-- What to work on --
Every line below needs to be printed again exactly, without any of its pictures.

-- Data listing --

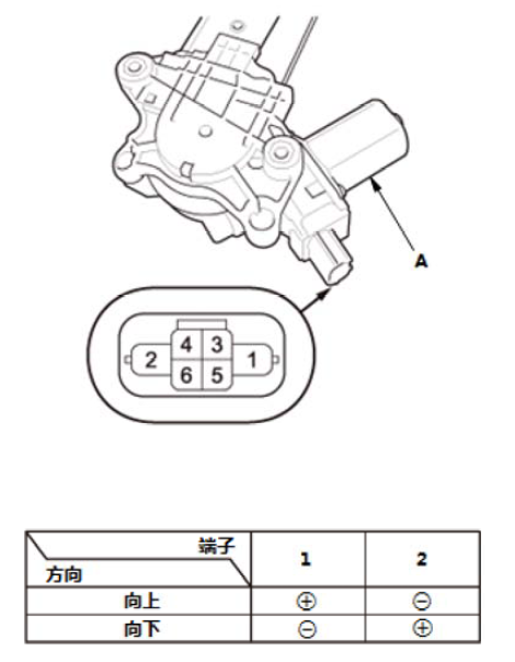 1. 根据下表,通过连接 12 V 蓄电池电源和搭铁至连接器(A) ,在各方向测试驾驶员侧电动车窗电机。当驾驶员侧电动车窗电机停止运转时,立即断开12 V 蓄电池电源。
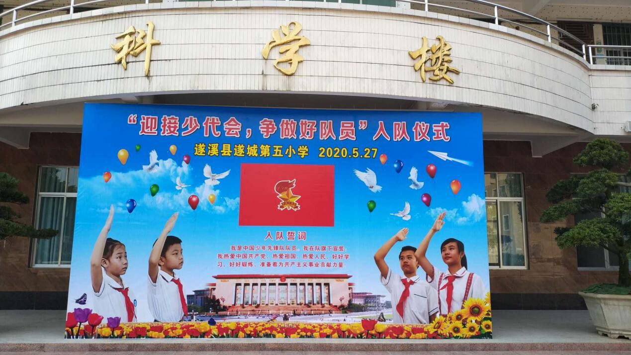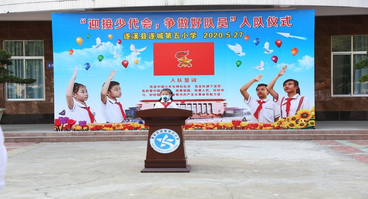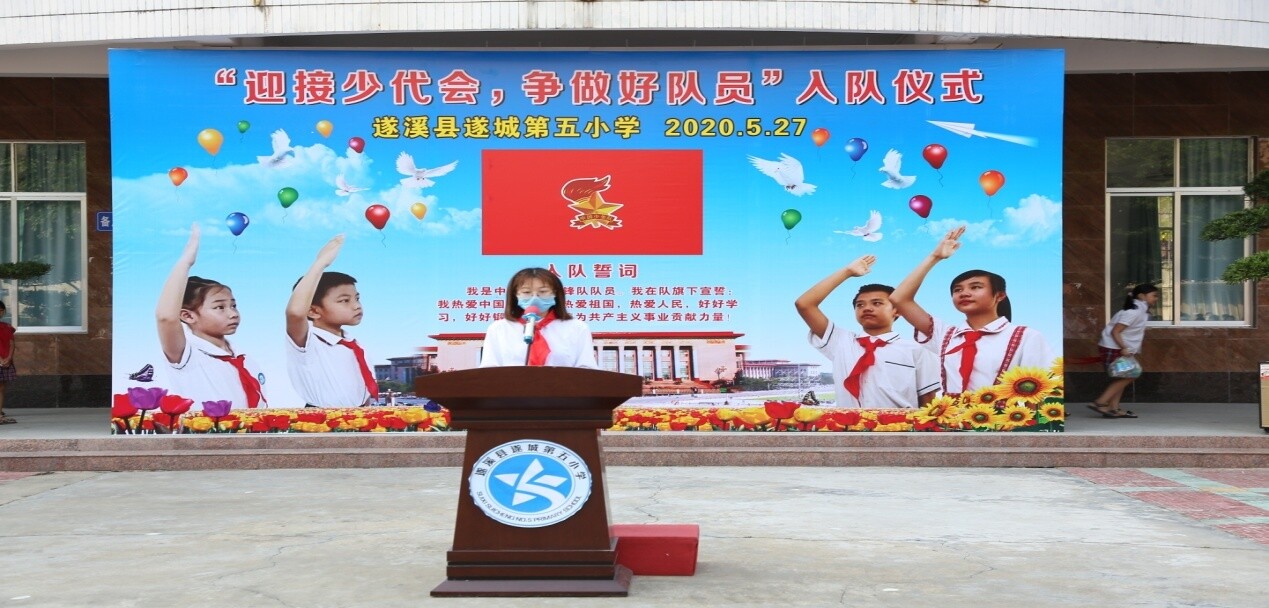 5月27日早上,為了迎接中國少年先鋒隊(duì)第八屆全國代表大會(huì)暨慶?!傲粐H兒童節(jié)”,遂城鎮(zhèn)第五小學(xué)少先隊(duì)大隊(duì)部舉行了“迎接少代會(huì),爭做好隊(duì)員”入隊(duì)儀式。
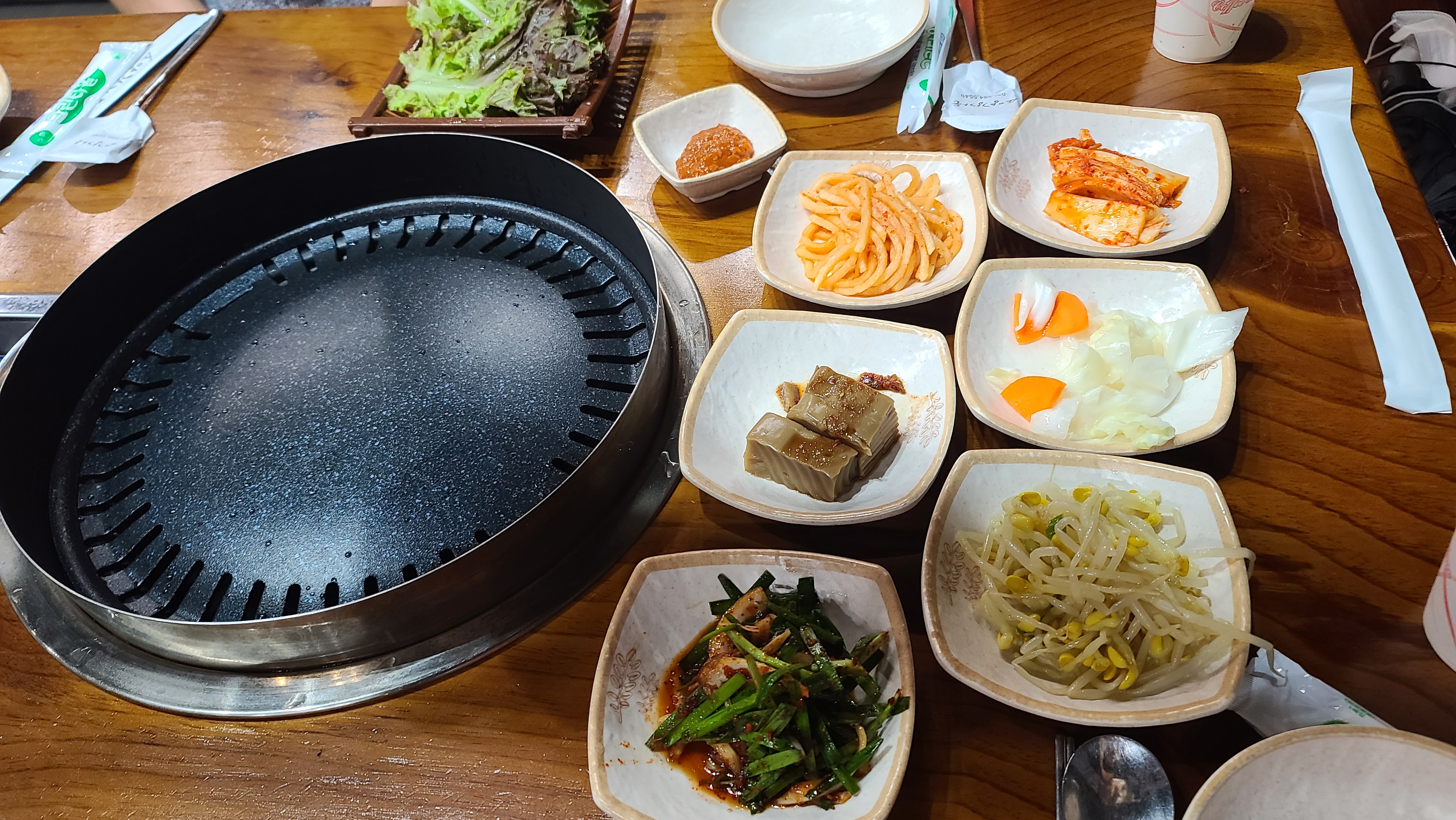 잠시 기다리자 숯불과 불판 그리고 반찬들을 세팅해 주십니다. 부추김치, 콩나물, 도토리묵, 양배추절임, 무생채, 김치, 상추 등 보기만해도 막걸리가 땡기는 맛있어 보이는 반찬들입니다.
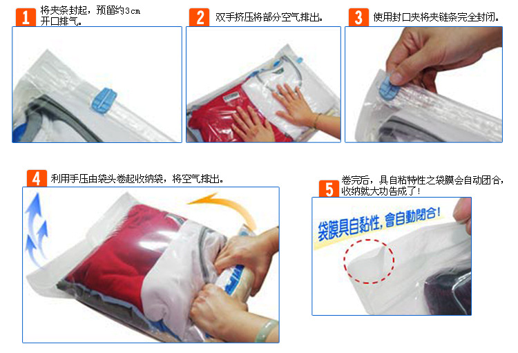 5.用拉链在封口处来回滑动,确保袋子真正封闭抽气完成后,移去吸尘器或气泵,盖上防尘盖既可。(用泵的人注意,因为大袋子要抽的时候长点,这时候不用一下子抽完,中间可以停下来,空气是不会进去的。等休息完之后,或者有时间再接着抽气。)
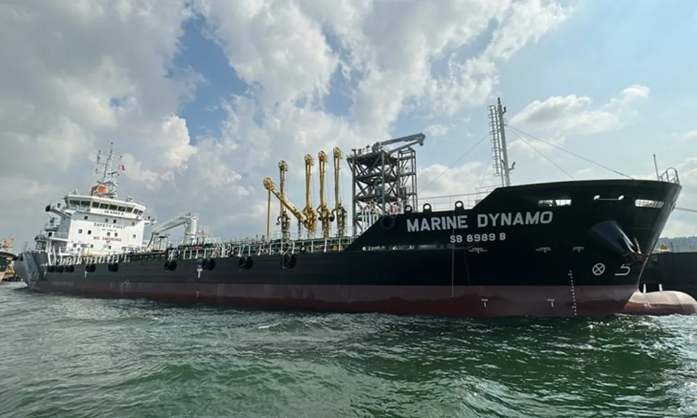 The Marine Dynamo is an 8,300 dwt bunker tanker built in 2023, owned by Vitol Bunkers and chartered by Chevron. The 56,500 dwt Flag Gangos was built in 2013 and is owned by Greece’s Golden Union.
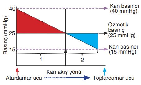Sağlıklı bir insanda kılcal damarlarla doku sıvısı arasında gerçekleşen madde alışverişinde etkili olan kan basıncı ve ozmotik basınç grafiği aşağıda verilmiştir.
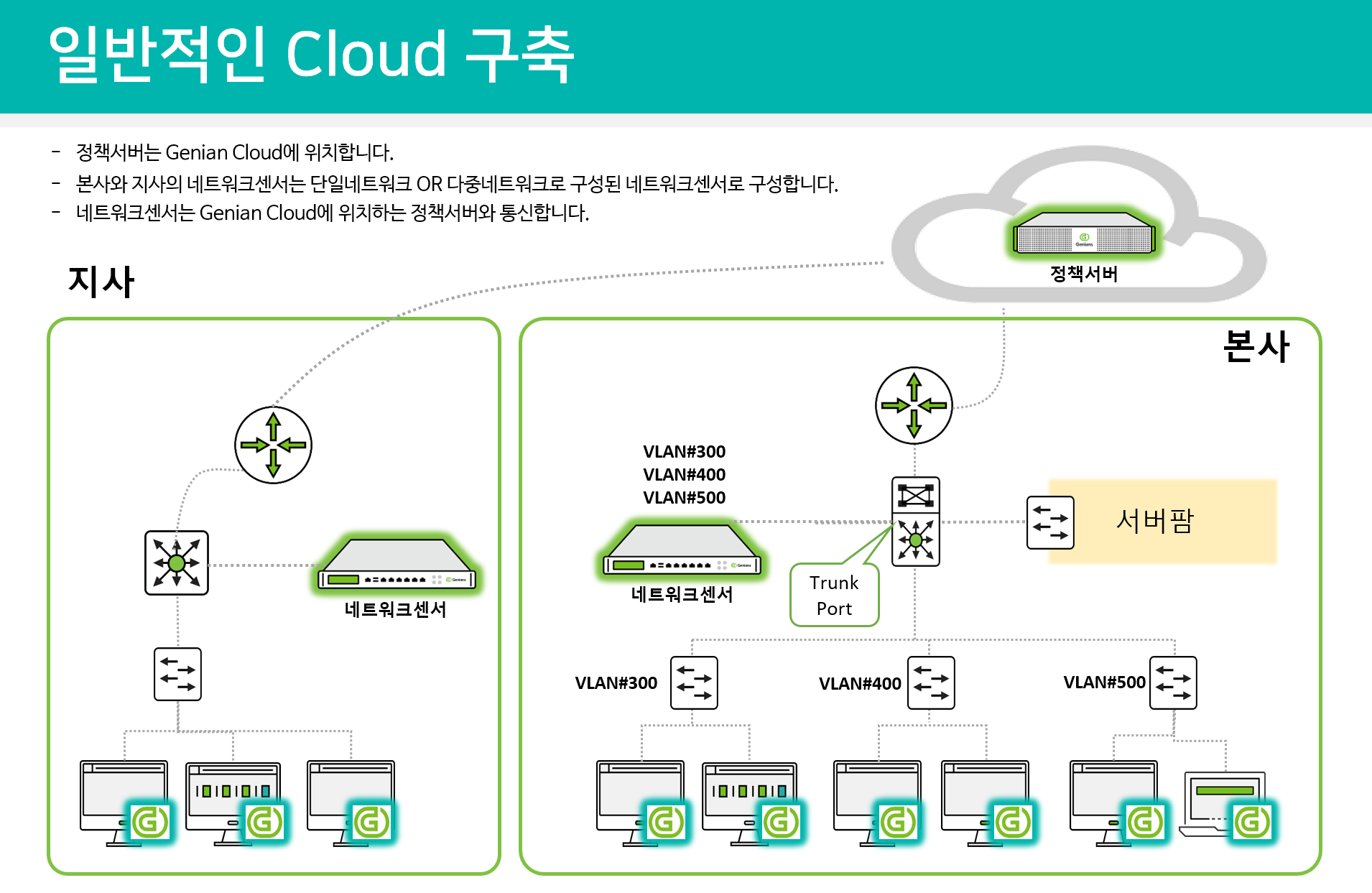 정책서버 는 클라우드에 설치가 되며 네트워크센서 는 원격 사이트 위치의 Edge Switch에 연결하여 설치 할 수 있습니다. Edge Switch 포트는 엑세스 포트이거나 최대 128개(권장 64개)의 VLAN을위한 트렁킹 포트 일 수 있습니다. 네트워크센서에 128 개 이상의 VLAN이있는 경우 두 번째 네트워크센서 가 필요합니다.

-- Expected output --
 1. 根据下表,通过连接 12 V 蓄电池电源和搭铁至连接器(A) ,在各方向测试驾驶员侧电动车窗电机。当驾驶员侧电动车窗电机停止运转时,立即断开12 V 蓄电池电源。
 5月27日早上,為了迎接中國少年先鋒隊(duì)第八屆全國代表大會(huì)暨慶?!傲粐H兒童節(jié)”,遂城鎮(zhèn)第五小學(xué)少先隊(duì)大隊(duì)部舉行了“迎接少代會(huì),爭做好隊(duì)員”入隊(duì)儀式。
 잠시 기다리자 숯불과 불판 그리고 반찬들을 세팅해 주십니다. 부추김치, 콩나물, 도토리묵, 양배추절임, 무생채, 김치, 상추 등 보기만해도 막걸리가 땡기는 맛있어 보이는 반찬들입니다.
 5.用拉链在封口处来回滑动,确保袋子真正封闭抽气完成后,移去吸尘器或气泵,盖上防尘盖既可。(用泵的人注意,因为大袋子要抽的时候长点,这时候不用一下子抽完,中间可以停下来,空气是不会进去的。等休息完之后,或者有时间再接着抽气。)
 The Marine Dynamo is an 8,300 dwt bunker tanker built in 2023, owned by Vitol Bunkers and chartered by Chevron. The 56,500 dwt Flag Gangos was built in 2013 and is owned by Greece’s Golden Union.
Sağlıklı bir insanda kılcal damarlarla doku sıvısı arasında gerçekleşen madde alışverişinde etkili olan kan basıncı ve ozmotik basınç grafiği aşağıda verilmiştir.
 정책서버 는 클라우드에 설치가 되며 네트워크센서 는 원격 사이트 위치의 Edge Switch에 연결하여 설치 할 수 있습니다. Edge Switch 포트는 엑세스 포트이거나 최대 128개(권장 64개)의 VLAN을위한 트렁킹 포트 일 수 있습니다. 네트워크센서에 128 개 이상의 VLAN이있는 경우 두 번째 네트워크센서 가 필요합니다.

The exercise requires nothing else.